Space, the Final Frontier

Thanks for the comments, Dean. I love the new look, though I'm a glutton for most anything space related. A use of our tax dollars that I'm thrilled over is that much of NASA's images are not copyrighted and their use guidelines are extremely generous. I wanted to be an astronaut more than anything else when I was a child and it's never really gone away. I'd blast off tomorrow if I had the opportunity.

Here are some sites for NASA images:

Once upon a time, I'd have to haunt antique stores looking for paper ephemera, either for my own collections or for my crafting, but what joy to find so much available on the internet.

I did step outside to watch the eclipse but only for about 3 minutes during the peak.

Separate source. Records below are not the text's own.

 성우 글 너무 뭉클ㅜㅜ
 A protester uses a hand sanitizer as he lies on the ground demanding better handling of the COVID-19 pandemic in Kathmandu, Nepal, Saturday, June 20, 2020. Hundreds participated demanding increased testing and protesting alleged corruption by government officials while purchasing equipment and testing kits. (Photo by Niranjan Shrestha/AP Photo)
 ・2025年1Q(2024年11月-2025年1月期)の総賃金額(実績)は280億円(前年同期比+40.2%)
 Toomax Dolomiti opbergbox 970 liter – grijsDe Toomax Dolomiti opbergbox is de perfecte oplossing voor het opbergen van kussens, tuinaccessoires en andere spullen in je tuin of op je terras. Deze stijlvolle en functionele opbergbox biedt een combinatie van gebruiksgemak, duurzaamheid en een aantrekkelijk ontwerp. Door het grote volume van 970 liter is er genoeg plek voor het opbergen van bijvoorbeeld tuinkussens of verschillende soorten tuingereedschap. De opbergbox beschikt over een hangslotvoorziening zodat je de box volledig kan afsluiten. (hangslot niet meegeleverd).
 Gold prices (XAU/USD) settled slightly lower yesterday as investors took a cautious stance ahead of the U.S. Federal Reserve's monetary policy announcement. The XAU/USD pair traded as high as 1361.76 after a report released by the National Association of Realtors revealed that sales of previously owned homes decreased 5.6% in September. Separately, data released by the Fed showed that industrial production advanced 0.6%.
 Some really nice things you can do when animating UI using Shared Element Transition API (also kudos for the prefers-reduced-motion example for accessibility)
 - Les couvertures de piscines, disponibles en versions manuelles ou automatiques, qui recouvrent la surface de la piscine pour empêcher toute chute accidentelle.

It was frigid and 2 coats, 2 scarves, hat ands gloves still left me frozen to the bone. I really wish that I knew how to take night pictures. There have been some views of the moon that were breath-taking.

If you're also a Space fan, I'd highly recommend the movie "In the Shadow of the Moon." I saw it at the local museum, but it's now available on DVD too. I remember as a child sitting in class as we watched rocket launches and recoveries. There was a sense of awe and wonder that feels sadly absent in later generations.

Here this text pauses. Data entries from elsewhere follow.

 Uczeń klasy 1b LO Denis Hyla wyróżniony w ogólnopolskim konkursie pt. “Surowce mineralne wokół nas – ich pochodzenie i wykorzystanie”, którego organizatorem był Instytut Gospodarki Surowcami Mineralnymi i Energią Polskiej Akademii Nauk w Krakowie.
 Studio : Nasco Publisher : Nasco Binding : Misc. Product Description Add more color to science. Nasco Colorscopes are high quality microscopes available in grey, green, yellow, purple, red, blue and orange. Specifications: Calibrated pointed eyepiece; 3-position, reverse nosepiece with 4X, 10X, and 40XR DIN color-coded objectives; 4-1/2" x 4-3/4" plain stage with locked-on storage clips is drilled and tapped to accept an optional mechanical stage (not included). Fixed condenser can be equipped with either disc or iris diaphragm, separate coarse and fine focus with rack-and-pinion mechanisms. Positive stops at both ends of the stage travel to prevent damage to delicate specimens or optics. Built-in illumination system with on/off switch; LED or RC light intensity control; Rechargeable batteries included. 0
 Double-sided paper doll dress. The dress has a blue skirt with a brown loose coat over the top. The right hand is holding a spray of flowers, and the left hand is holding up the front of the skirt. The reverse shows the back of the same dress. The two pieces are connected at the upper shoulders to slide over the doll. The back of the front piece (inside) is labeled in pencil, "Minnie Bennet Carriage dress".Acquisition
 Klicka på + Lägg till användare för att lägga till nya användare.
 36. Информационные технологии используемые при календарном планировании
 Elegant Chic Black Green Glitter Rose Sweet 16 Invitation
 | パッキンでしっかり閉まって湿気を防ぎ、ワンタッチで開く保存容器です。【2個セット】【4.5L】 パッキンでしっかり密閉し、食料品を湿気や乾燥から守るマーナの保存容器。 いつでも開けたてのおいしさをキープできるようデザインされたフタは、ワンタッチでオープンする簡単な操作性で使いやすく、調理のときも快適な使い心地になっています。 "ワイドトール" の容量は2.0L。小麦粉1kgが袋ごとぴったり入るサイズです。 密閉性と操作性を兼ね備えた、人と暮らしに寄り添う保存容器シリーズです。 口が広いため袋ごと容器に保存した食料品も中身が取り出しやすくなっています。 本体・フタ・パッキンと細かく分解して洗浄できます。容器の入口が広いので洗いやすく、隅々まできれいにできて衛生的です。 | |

And, I can't see the stars anymore. One of my strongest memories was of my first visit to the then uber rural ancestral home back in Bangladesh. The only lights available were wood fires and oil lamps. It truly seemed that that hemisphere of Earth had more stars in the sky than did ours. The Vancouver Sun had an article on the damage caused by light pollution that would be worth your time to read.

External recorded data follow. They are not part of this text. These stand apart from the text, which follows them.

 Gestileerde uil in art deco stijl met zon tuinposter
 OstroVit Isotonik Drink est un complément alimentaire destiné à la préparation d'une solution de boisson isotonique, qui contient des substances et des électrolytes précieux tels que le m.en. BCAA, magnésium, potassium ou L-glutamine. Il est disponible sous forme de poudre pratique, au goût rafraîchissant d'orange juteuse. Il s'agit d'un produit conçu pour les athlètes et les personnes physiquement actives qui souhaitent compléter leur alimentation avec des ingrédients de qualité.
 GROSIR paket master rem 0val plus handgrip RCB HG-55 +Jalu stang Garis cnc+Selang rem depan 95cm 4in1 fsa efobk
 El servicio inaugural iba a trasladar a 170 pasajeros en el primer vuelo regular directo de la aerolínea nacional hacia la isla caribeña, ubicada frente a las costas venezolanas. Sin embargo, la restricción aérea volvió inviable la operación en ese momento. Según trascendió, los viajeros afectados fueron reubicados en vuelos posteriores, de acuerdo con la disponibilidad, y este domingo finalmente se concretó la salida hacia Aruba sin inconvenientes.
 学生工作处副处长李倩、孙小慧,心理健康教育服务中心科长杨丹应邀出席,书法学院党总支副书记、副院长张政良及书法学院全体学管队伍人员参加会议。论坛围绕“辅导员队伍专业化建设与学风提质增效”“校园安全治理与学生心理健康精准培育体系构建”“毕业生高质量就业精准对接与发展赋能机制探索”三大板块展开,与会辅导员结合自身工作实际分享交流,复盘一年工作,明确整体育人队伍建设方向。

When I get home late at night, I do appreciate enough light to see that I can safely walk to the front door. But that's never caused me to gasp in awe or fill my soul as the drive through rural, no-lights roads on the way home always does. Motion-activated lights are the way to go.

Well, no politics tonight. I'll save that for another night.


DeanB said...

That's right, I've been thinking of you as a political activist for so long that I forgot the Star Trek fan side of you.

We saw a wonderful ranger talk in Acadia National Park last summer about stars and the place they have always played in the human imagination, and the problems of light pollution. Acadia has one of the darker skies in the lower 48 states but still it's not as dark as it used to be. On clear dark summer nights I can see the milky way from our house in Maine. I don't know if it's not there in the winter sky or if I don't stay outside long enough to get dark-adapted.

I was greatly enjoying going on midnight moonlight snowshoe walks this winter. Not so many stars as in the dark of the moon but still beautiful.

The problem with motion-activated lights is that you have to disable them if you want to go outside stargazing.

gulnari said...

Salam Alaykum

I found your blog sort of accidentally through craftster. I looked through your art gallery and I thought that your art is truly beautiful and stunning. You are amazingly skilled! Mashallah. Always happy to see Muslim craters' and artists' work. :) Take care.